Oxidative stress arises when the production of reactive oxygen species (ROS) exceeds the body’s capacity to counteract them with antioxidant defense mechanisms. To effectively manage oxidative stress and inflammation, antioxidant supplementation with vitamins E and C is often recommended [9], in addition to nutraceuticals. These vitamins aid in building a robust antioxidant network, replenishing glutathione levels, and restoring the activity of glutathione peroxidase in the livers of dogs [10,11]. However, there are few studies on the effects of vitamins E and C on the treatment of liver diseases [12], and the American College of Veterinary Internal Medicine in 2019 [13] reported that no clinical study relating the effect of these vitamins on liver disease had been published at that time.

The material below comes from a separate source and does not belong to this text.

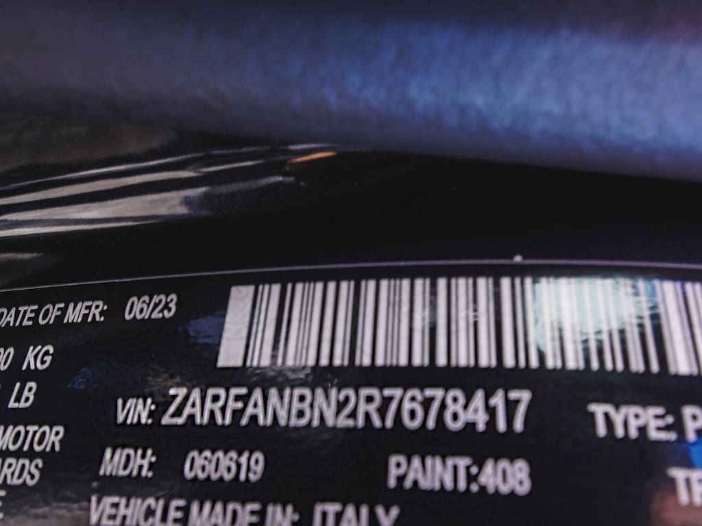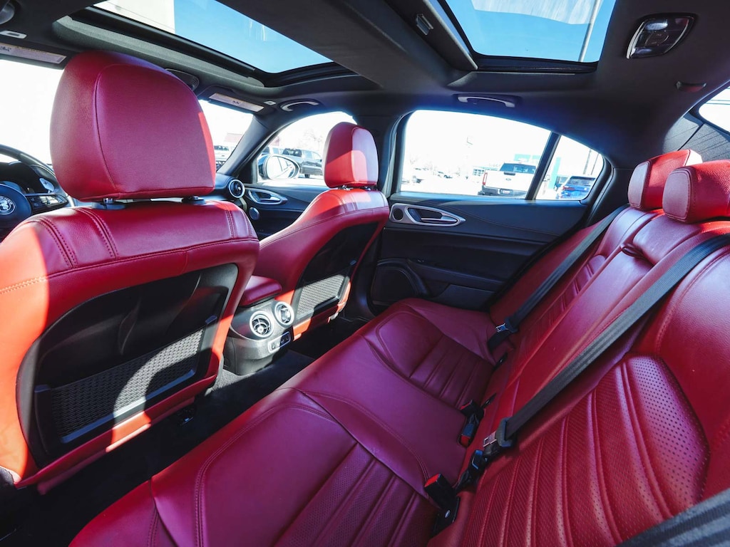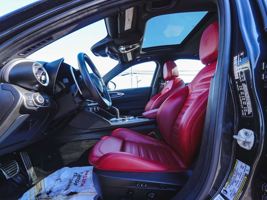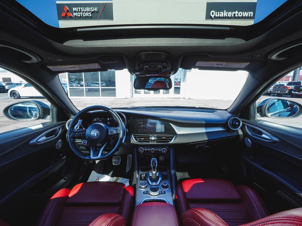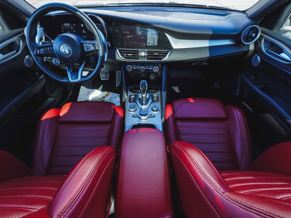 2024 Alfa Romeo Giulia Veloce ONE OWNER, BLUE TOOTH, NEW PA STATE INSPECTION, FULLY RECONDITIONED, NAVIGATION, ALLOY WHEELS, NON-SMOKER, SUNROOF/MOONROOF, LEATHER, BACK UP CAMERA, Giulia Veloce Ti, 4D Sedan, I4, 8-Speed Automatic, AWD, Vulcano Black Metallic, Black/Red w/Sport Leather Seats, 14 Speaker harman/kardon Premium Audio, 4-Wheel Disc Brakes, ABS brakes, Active Assist Plus Package (DISC), Active Blind Spot Assist, Active Driving Assist System, Aluminum Steering Column Mounted Paddle Shifters, AM/FM radio: SiriusXM, Apple CarPlay/Android Auto, Auto High-beam Headlights, Auto-dimming door mirrors, Auto-dimming Rear-View mirror, Automatic temperature control, Brake assist, Cruise control, Dark Miron V Scudetto Grille, Driver Attention Alert, Dual front impact airbags, Dual front side impact airbags, Electronic Stability Control, Exterior Parking Camera Rear, Four wheel independent suspension, Front dual zone A/C, Fully automatic headlights, Garage door transmitter, Heated door mirrors, Heated front seats, Heated rear seats, Heated steering wheel, Illuminated entry, Intelligent Speed Assist (ISA), Knee airbag, Lane Keep Assist, Leather Dash & Upper Doors, Leather Shift Knob, Leather steering wheel, Limited Slip Differential Rear Axle, Low tire pressure warning, Memory seat, Navigation System, Occupant sensing airbag, Overhead airbag, Panic alarm, Power Adjustable Bolster, Power door mirrors, Power driver seat, Power moonroof, Power passenger seat, Premium Interior & Sound Package, Quick Order Package 22S Veloce, Radio: AM/FM/HD 8.8" w/Navigation, Rain sensing wipers, Rear window defroster, Remote keyless entry, Security system, Sport Leather Seats, Sport steering wheel, Telescoping steering wheel, Tilt steering wheel, Traction control, Traffic Sign Information, Traffic Sign Recognition, Turn signal indicator mirrors, Veloce Rear Fascia, Wheels: 19" x 8.0" Sport 5-Hole Aluminum. 23/31 City/Highway MPG

Choline and betaine are methyl donors and, together with sulfur-containing amino acids, participate in the synthesis of S-adenosylmethionine and glutathione [14]. In the biosynthesis of S-adenosylmethionine (SAM), choline and betaine act as intermediates and play a vital role. They act as precursors to phosphatidylcholine, enabling the transportation of fat from the liver to muscles and adipose tissue [15]. These compounds play a crucial role in the regulation of antioxidant defenses and in the anti-inflammatory response [16]. Omega-3 fatty acids are other compounds fed to dogs to control the inflammatory process [17]. Supplementation with a mixture of compounds is a strategy aimed at potentiating the control of oxidative stress and inflammation [4,18,19].

Moreover, there is a significant focus on understanding the role of gut microbiota in animal health [20,21] and in obesity [22,23], also considering the relationship between the gut and liver. This connection, known as the gut–liver axis [24], is maintained through a complex interplay of metabolic, immune, neuroendocrine, and microbial interactions, ensuring the regulation and stability of the gut–liver axis relationship via the portal circulation [25]. The tight junctions of the intestinal epithelium act as a natural barrier against bacteria and their metabolic by-products. When antigens, whether from pathogenic microorganisms or food, cross these junctions, they trigger an immune response that alters the behavior of T lymphocytes (T-regulatory cells and T-helper 17 cells), resulting in the release of inflammatory cytokines and chemokines that ultimately enter the portal circulation [26].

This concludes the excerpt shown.